The secondary use of EHR sourced data is a broad domain. It includes patient safety and clinical quality metrics and development programs as the most obvious, but other clinical applications range from clinical decision support to practice variation monitoring. The entire categories of clinical and translational research are fundamentally dependent on effective secondary use of clinical information, including clinical trials, observational cohorts, outcomes research, comparative effectiveness, and best evidence discovery.

Our vision is to develop and foster a federated informatics research community committed to open-source resources that can industrially scale to address barriers to the broad-based, facile, and ethical use of EHR data for secondary purposes. Within this collaborative community, we seek to create, evaluate, and refine informatics artifacts that contribute to EHR data use for improving care, generating new knowledge, and addressing population needs. We are committed to making all artifacts available as open-source tools, services, and scalable software. However, we partner with industry developers for commercial deployment and support of our software artifacts, recognizing that many adopters will eschew exclusively open-source resources that may lack reliable, commercial support.

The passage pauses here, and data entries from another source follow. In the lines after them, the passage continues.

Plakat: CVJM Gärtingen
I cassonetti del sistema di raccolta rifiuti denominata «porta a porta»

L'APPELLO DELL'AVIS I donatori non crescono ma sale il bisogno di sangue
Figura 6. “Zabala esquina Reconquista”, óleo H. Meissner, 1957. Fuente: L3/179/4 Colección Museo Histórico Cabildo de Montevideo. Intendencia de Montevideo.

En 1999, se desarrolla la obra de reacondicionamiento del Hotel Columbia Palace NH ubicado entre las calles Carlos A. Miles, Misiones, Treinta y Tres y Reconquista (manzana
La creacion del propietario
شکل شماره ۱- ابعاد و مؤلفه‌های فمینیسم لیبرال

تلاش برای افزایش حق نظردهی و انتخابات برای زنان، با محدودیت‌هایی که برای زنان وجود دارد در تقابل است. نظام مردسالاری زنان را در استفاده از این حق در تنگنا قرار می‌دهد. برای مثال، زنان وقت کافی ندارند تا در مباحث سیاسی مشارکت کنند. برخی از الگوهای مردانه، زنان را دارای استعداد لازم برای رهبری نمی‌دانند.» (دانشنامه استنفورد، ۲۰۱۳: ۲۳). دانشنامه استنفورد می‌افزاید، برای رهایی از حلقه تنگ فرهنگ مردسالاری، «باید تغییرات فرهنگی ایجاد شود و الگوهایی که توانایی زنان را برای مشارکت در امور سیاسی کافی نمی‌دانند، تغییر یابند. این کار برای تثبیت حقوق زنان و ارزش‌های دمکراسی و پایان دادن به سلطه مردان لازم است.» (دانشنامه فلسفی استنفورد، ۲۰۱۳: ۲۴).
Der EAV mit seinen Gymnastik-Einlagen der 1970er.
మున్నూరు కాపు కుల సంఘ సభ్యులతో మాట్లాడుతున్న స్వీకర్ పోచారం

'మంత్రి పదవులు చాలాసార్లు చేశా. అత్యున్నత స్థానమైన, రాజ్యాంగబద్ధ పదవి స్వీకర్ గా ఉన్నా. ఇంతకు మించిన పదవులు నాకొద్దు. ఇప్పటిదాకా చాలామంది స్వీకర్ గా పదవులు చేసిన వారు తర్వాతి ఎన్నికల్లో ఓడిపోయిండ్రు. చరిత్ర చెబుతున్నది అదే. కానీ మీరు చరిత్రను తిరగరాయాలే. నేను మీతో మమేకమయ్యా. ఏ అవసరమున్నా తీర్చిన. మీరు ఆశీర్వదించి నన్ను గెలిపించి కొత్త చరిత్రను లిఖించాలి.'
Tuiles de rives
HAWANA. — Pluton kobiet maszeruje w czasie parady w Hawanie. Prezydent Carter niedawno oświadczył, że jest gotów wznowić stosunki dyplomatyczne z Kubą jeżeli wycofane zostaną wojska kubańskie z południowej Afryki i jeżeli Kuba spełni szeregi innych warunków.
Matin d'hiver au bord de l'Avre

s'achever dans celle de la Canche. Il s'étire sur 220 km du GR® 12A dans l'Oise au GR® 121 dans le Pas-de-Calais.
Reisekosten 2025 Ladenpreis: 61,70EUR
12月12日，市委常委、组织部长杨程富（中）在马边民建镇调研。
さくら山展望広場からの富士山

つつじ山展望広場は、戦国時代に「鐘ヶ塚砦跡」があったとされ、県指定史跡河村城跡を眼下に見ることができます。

The consortium of organizations funded and participating in SHARPn include: Mayo Clinic, University of Utah, Intermountain Healthcare, Agilex Technologies, CDISC (Clinical Data Interchange Standards Consortium), Centerphase Solutions, Deloitte, Group Health Seattle, IBM Watson Research Labs, Harvard University & i2b2, Minnesota HIE (MNHIE), MIT, Mirth Corporation, State University of New York at Buffalo, University of California San Diego, University of Pittsburgh, University of Colorado. As is evident in Figure 1, the consortium is a blend of academic communities, large and small businesses, an HIT standards development organization, and a consulting group. Such multidisciplinary talent is crucial to achieve the ambitious goals of the consortium.

Figure 1.

Figure 1

SHARPn Project Organization

We structure our presentation around each project, although the interdependencies are substantial. For example, the phenotyping algorithms rely heavily upon the pre-existing normalization of clinical data, to assure comparability and consistency of cohort retrieval among medical centers with differing EHR environments. Our closing discussion paints the spectrum of development and application which we target.

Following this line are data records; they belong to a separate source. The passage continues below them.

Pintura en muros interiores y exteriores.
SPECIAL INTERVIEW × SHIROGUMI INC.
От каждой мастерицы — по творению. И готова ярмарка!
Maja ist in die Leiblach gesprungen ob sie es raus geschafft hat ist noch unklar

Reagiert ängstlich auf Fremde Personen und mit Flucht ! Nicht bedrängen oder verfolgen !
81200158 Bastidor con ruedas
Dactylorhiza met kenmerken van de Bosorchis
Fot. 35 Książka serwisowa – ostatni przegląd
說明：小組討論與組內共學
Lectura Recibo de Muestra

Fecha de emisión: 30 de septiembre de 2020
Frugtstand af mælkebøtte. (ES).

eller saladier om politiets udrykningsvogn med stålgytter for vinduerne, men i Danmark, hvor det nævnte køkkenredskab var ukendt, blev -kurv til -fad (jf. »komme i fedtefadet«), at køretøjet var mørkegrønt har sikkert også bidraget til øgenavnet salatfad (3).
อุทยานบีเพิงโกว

Semantic and Syntactic Normalization

An underlying principle for secondary data use is that all applications are more efficient and reliable if the data on which they are premised is comparable and consistent[3]. One way to make heterogeneous data from disparate EHR systems comparable and consistent is post-hoc normalization. This is precisely what we engineer with our first set of software appliances.

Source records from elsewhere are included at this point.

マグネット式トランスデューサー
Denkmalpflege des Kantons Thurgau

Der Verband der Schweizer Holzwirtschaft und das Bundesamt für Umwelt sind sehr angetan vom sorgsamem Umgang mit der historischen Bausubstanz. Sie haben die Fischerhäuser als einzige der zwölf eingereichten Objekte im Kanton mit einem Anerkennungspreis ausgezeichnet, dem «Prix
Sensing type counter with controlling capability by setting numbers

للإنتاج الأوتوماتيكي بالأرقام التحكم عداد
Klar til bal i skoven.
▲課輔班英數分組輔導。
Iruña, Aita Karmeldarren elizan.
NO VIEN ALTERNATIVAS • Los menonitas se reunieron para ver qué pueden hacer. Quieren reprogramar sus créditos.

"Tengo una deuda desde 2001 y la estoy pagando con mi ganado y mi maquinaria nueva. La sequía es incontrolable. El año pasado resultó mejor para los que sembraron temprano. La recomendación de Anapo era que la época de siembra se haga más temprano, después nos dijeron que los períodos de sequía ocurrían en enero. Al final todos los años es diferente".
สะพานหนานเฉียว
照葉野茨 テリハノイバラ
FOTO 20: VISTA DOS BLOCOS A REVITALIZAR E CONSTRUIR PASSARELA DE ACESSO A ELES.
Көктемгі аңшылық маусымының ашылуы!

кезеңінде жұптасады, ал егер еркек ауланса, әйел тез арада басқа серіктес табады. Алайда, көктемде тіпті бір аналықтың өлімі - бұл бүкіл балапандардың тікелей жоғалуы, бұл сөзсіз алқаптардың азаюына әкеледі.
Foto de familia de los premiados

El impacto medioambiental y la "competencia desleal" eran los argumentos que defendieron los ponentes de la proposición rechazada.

As with most of our software developed in SHARPn, we invoke the Unstructured Information Management Architecture[4] (UIMA) as our framework; this open-source artifact from IBM Watson Labs – the framework on which the Watson Jeopardy engine was built – is described in more detail in the Performance Optimization project below. We provide two dimensions of normalization, essentially syntactic and semantic.

Syntactic normalization relies heavily on the 20-year history of Health Information Exchange (HIE) and disparate data source normalization undertaken by the Regenstrief Institute and the Indiana HIE. The Regenstrief team has developed a normalization pipeline, Health Open Source Software[5] (HOSS), which will soon be formalized as open-source. HOSS excels at making ill-formed HL7 message contents into well-formed structures. Since these algorithms have accreted over decades, a SHARPn task will be to modularize and simplify normalization task elements, and render them in a high-throughput UIMA-AS[6] pipeline. SHARPn will publish these normalization algorithms and a reference implementation of their deployment in UIMA.

Semantic normalization invokes the mature technologies emergent from Mayo’s open-source LexGrid project[7] for terminology services, and in particular the caBIG supported LexEVS implementation[8]. Semantic normalization is not magic, and ultimately depends upon the creation or availability of mapping files, for example local laboratory codes into LOINC. However, Pareto optimization pertains, where in practice 99% of the cases are handled by 2% of the codes, making practical map creation scalable and practical. The standards-based generalization of these terminology services will soon be manifest in the CTS2 (Common Terminology Services) specification being finalized by HL7 and the Object Management Group. Our final semantic normalization functionality will wrap CTS2 services as UIMA artifacts, which are callable by a variety of SHARPn use cases, including NLP.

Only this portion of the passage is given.